Julie interrupted us with instructions to sort ourselves out based on our number. I wanted to complain about this Sesame Street method of organization. Do they have Sesame Street in Canada? Maybe they have something else. I dunno, like Oregano Avenue, and instead of Cookie Monster, they have Flan Monster. No, wait, that would be Mexico.
After we formed up (I was a “one”), I was very relieved to see that my team had both the Vic and Lex. I liked Lex. Maybe I could off Vic early and we could form some kind of reverse alliance to get ourselves kicked off and spend the rest of the month in the hot tub at the resort.
“Now that you have formed two tribes”—I looked up to see Alan had been joined by two Ticans (Costa Ricans call themselves that, although I have no idea why) dressed in primitive attire—“we will give you your team names that represent the culture of Costa Rica.” He smiled at the two natives and reached into the bag, pulling out two bandanas, one white and one gray. Huh? Why no colors?
“Team One—you shall be the Ottawa tribe.” Alan frowned, then looked down at the bandana again. “Ottawa? Inuit? What the fuck, Julie? Those are Canadian tribal names! Not Costa Rican!” Alan dangled the two bandanas, covered with images of salmon, grizzly bears and totem poles.
Julie looked like she wanted to pass out. Grabbing the bandanas, she looked at them as if they were poisonous snakes. “This can’t be right! I told the interns we needed native stuff! Not this!”
Apparently, she’d failed to specify which native stuff she needed. My guess was the interns thought she’d meant Canadian. I found the whole thing amusing.
“Dammit! That ain’t right!” the guy who’d complained about authenticity spoke up. “I want this to be 100 percent accurate! Not this bullshit!”
Oh yeah. That must be Silas. He was a hard-core Civil War reenactor. I’d heard of these guys. Everything had to be real, right down to the dysentery.

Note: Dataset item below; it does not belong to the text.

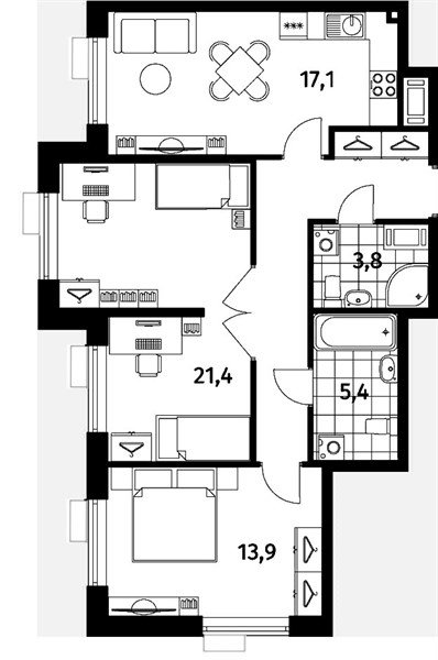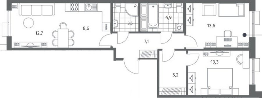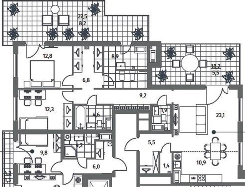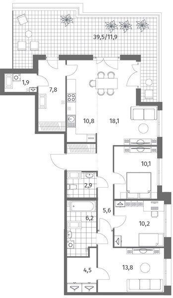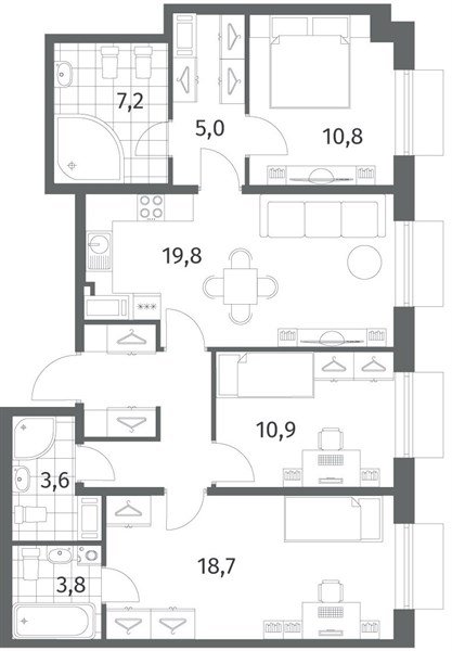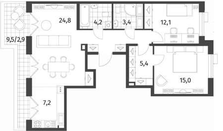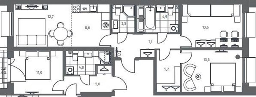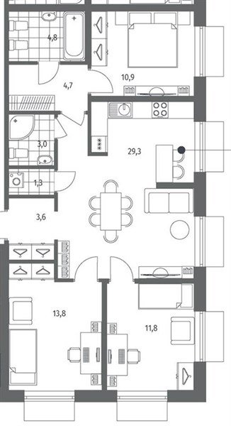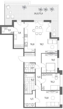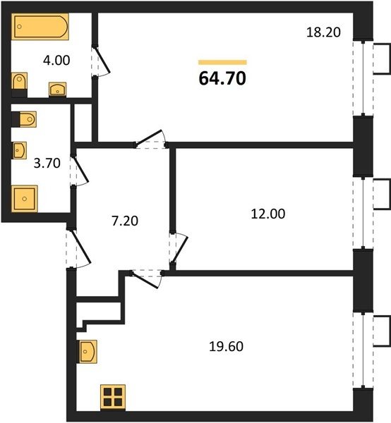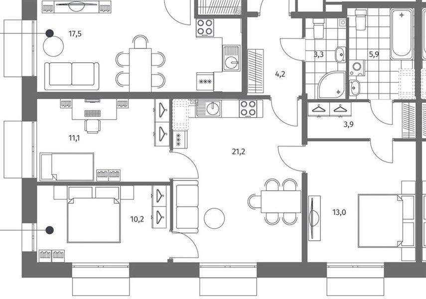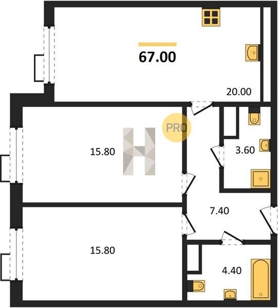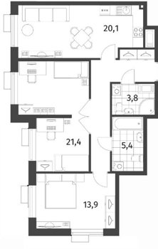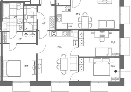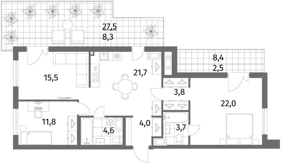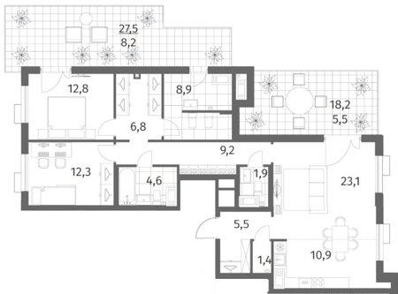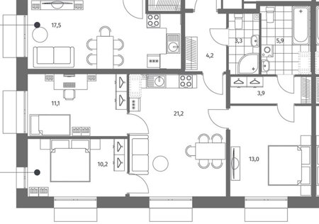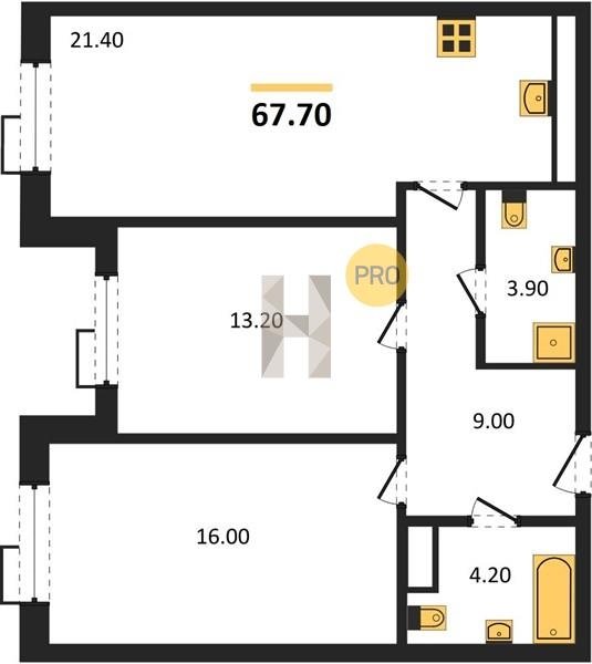 В ЖК представлено множество планировочных решений: от классических однокомнатных до 3-ех комнатных квартир европейского формата. Часть квартир на первых этажах обустроена индивидуальными террасами-патио, а на верхних предусмотрены квартиры с просторными открытыми террасами.

Alan held his hands up and the Ticans stopped dancing. “All right. It’s a screw up. But since this is what we’ve got, we’re going to go with it.” He motioned toward the camera crew who’d gotten everything on tape. “This is the camera crew who will be following you around. There will be two cameras for every tribe and they will be on 24/7. Don’t try to bribe them. They get paid a lot of money for what they do and will be fired if it’s discovered that they became involved.”
Julie whispered something in Alan’s ear, then turned to us. “Okay. You have until morning to set up your site. Team Two—I mean the Inuit tribe—come with me.”
The Ottawa tribe watched as the Inuit disappeared over the next sand dune. We turned and looked at the two-camera crew of three who said nothing, but began taping anyway. There were six of us, just standing there doing nothing. I thought it might be funny if we just did that all day. But no, one of my team members began to speak.
“Let’s all introduce ourselves! I know a great icebreaker!” said a superperky young woman. “Everyone get in a circle and hold hands!” she tittered.
That must be Cricket—a summer camp director. Oh yeah, she wasn’t driving me nuts already. If Monty and Jack were here, they’d have had her marinating in enough sugar to be carried off by the mosquitoes with her remains picked at by vultures. The Parent Trap twins had nothing on my boys. I missed them.
“You’re out of your goddamned mind, bitch.” Sami shook her head.
Silas piped up. “They didn’t do no icebreakers in the Civil War. And unless it’s something people would do when stranded in the wild, I won’t do it either.”
Cricket bit her lip and frowned. Apparently, she was unable to deal with adults.
Lex stepped forward. “I’m Lex.” He pointed at me. Ooh! He’s pointing at me!
“Oh! My name is Missi.” I did a little wave and felt like an idiot.
“I’m Isaac.” That was all my Vic said. Damn, he was cute. And he had one of those deep, gravelly voices. Too bad he might be evil and then would have to be destroyed.
“Hell. My name’s Sami. And don’t any of you ass-holes even think of calling me Samantha.”
I realized that from here on out, virtually everything Sami said would be bleeped.
“Name’s Silas,” the skinny reenactor said grumpily.
We stood there in silence, sizing each other up. This sure was a surly group—except for the überperky Cricket. I was pretty sure we weren’t going to get along very well. With the exception of me, Lex and Isaac, that is. A ménage à trois popped into my head and I struggled to stifle it.
“I’m just trying to help,” pouted Cricket. What kind of name is Cricket, anyway? Seems her parents doomed her to become a camp counselor from the start by naming her that.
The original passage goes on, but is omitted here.